A recent court order stopping construction on the Fargo-Moorhead flood diversion project will probably result in further studies of the downstream effects of such a project. A newspaper editorial published in The Forum of Fargo-Moorhead on Sept. 24 seemed to support such action. After stating that “a diversion is needed to carry roughly half of the volume of the Red River in times of significant flooding,” The Forum stated that “Only a diversion with a controlled release can do that.”

“Finding a way” was the main problem the editorial stated. A study might prove it. One issue might also be what will adding the entire Sheyenne River watershed to the Red River do.

In its next study the U.S. Army Corps of Engineers could take into consideration what has not yet been done: Deal with the fact that the Tolna Coulee Control Structure will, if allowed to function as intended, fully connect the Devils Lake Basin with the Sheyenne River and then the Red River.

When Devils Lake floods next time - rising to an elevation of 1,458 feet above mean sea level as the Tolna Coulee Control Structure intends - the coulee could erode, erode all the way down to 1,446 feet above mean sea level. At which point the operational rules for the Tolna Coulee Control Structure forbid replacement of the stop logs. The coulee would become a pass-through ditch. All of the water entering Devils Lake above 1,446 feet mean sea level thereafter would flow into the Sheyenne River and then into the Red River.

How much water would that add to the Red?

The North Dakota State Water Commission figures showed that in 2009 and again in 2011 about 600,000 acre-feet of water flowed from the upper basin of Devils Lake into the lake itself.
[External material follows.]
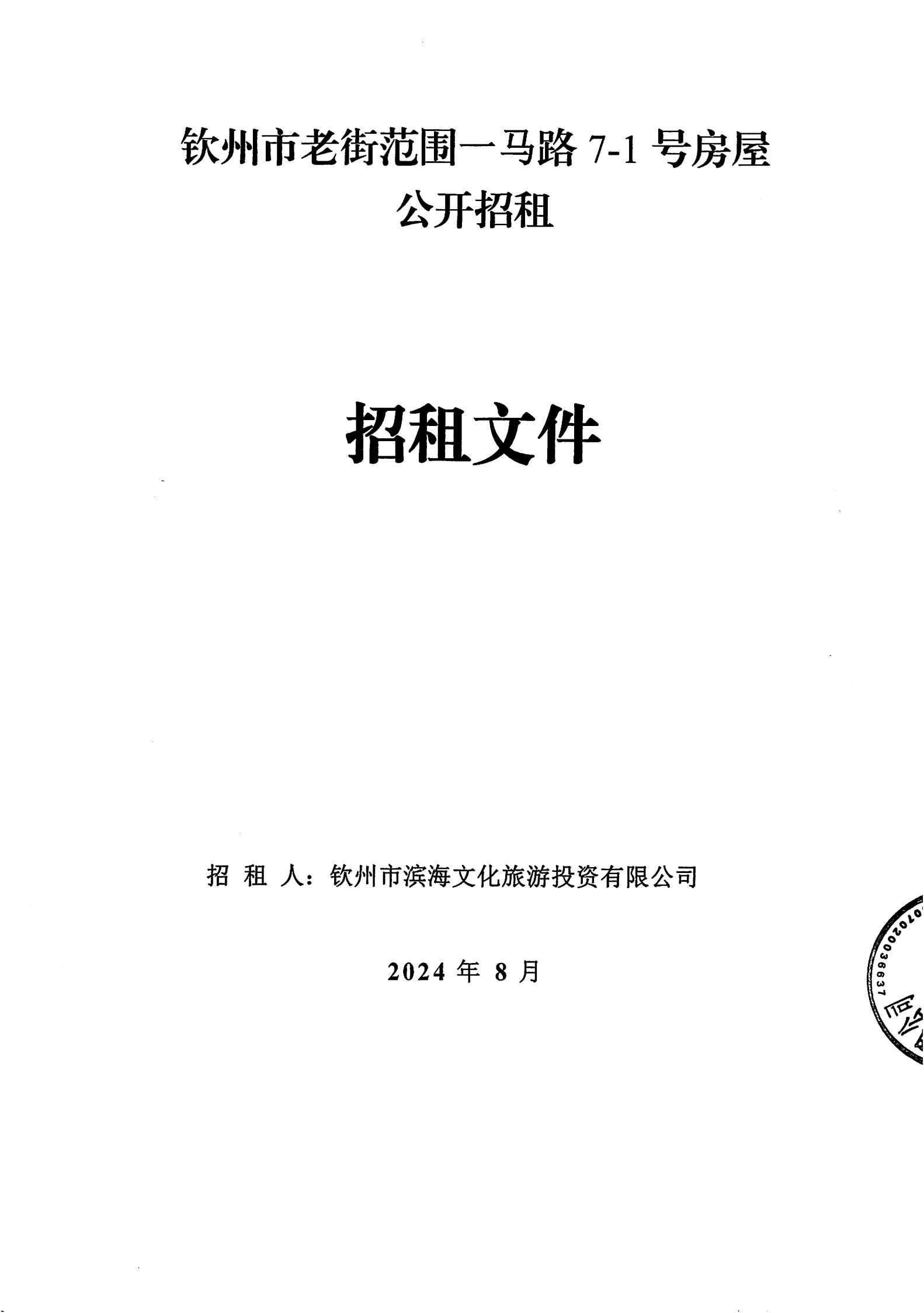 欽州市老街范圍一馬路7-1號(hào)房屋公開招租招租文件

But since the Tolna Coulee Control Structure was still intact, none of that water flowed into the Sheyenne.

After a flood and the coulee erodes, then there will be no stopping the water above 1,446 feet mean sea level from flowing into the Sheyenne River then into the Red River.

How much water will be added to the Red River and when will that happen? Important facts that another study could reveal while there’s still time to deal with them.